Find the standard form of the equation of the ellipse satisfying the given conditions.
Foci: $(-4,0),(4,0)$; vertices: $(-12,0),(12,0)$

Step 1 ：Given the vertices and foci of the ellipse, we can find the values of a and c. The distance from the center to a vertex is \(a = 12\) and the distance from the center to a focus is \(c = 4\).

Step 2 ：We can use these values to find b using the relationship \(a^2 = b^2 + c^2\).
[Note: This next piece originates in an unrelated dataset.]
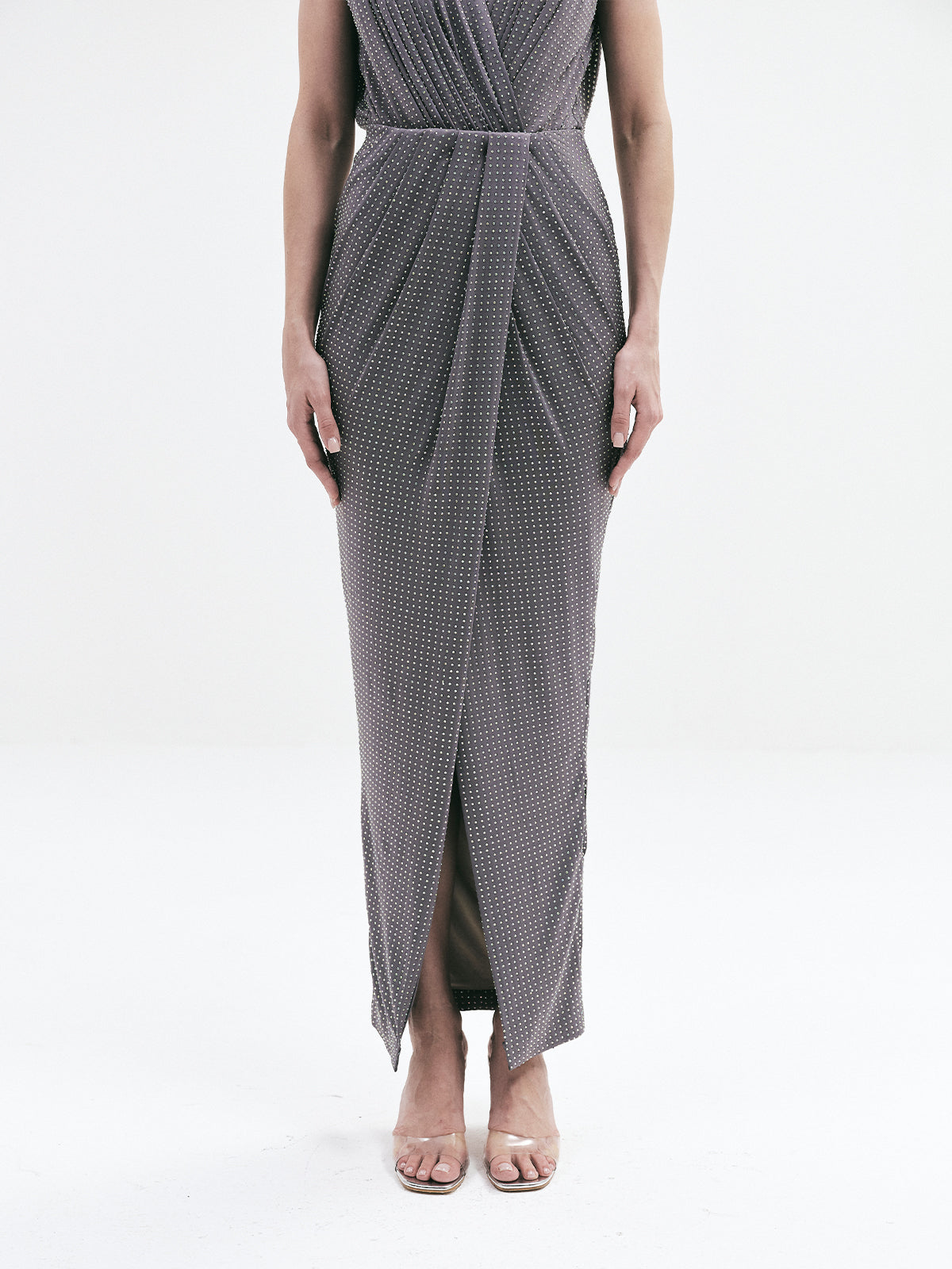 Find a true match for this embellished drape cross over skirt with any of our Tiana crop tops or Tiana bodysuits and create an elevated co-ord look.
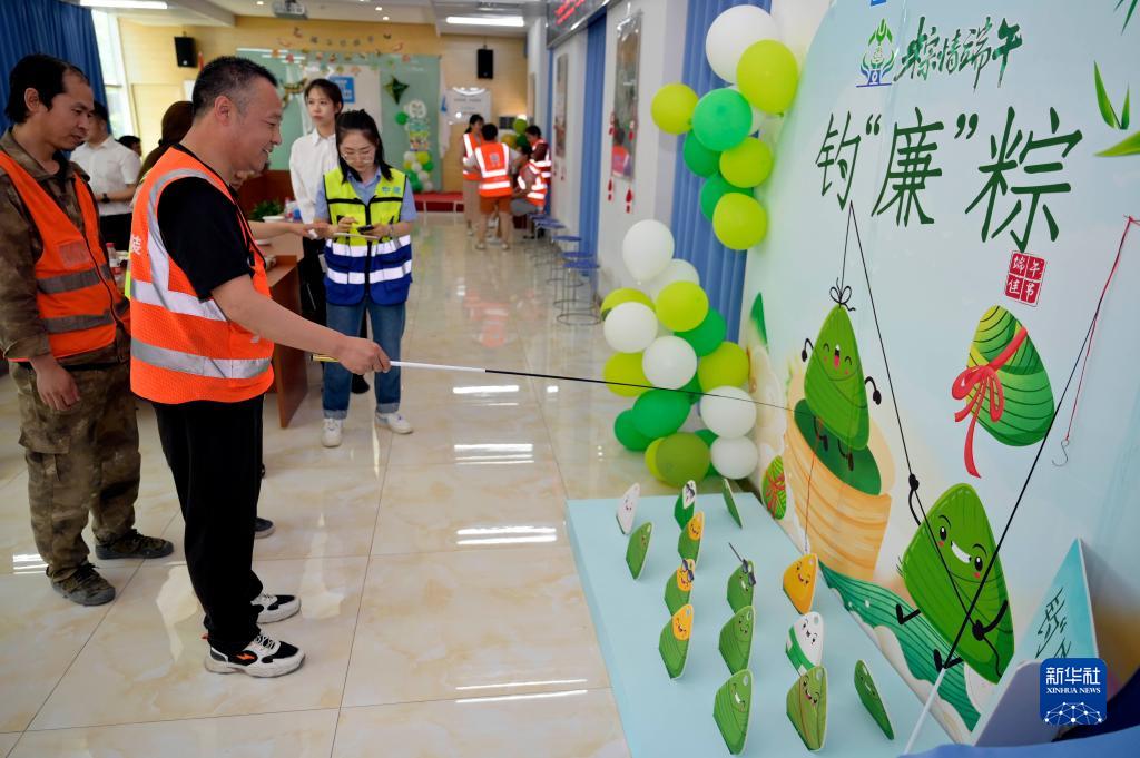 6月21日,在北京市昌平區中建二局安裝公司保利未來(lái)科技城項目上,一線(xiàn)建設者參加釣“廉”粽活動(dòng)。

After calculation, we find that \(b = \sqrt{a^2 - c^2} = \sqrt{12^2 - 4^2} = \sqrt{128} = 11.313708498984761\).

Step 3 ：Now that we have the values of a, b, and c, we can substitute these into the standard form of the equation of an ellipse to get the equation of the ellipse satisfying the given conditions.

Step 4 ：Substituting the values of a and b into the standard form of the equation of an ellipse, we get \(\frac{x^2}{a^2} + \frac{y^2}{b^2} = 1\) becomes \(\frac{x^2}{144} + \frac{y^2}{128} = 1\).

Step 5 ：Final Answer: The standard form of the equation of the ellipse satisfying the given conditions is \(\boxed{\frac{x^2}{144} + \frac{y^2}{128} = 1}\).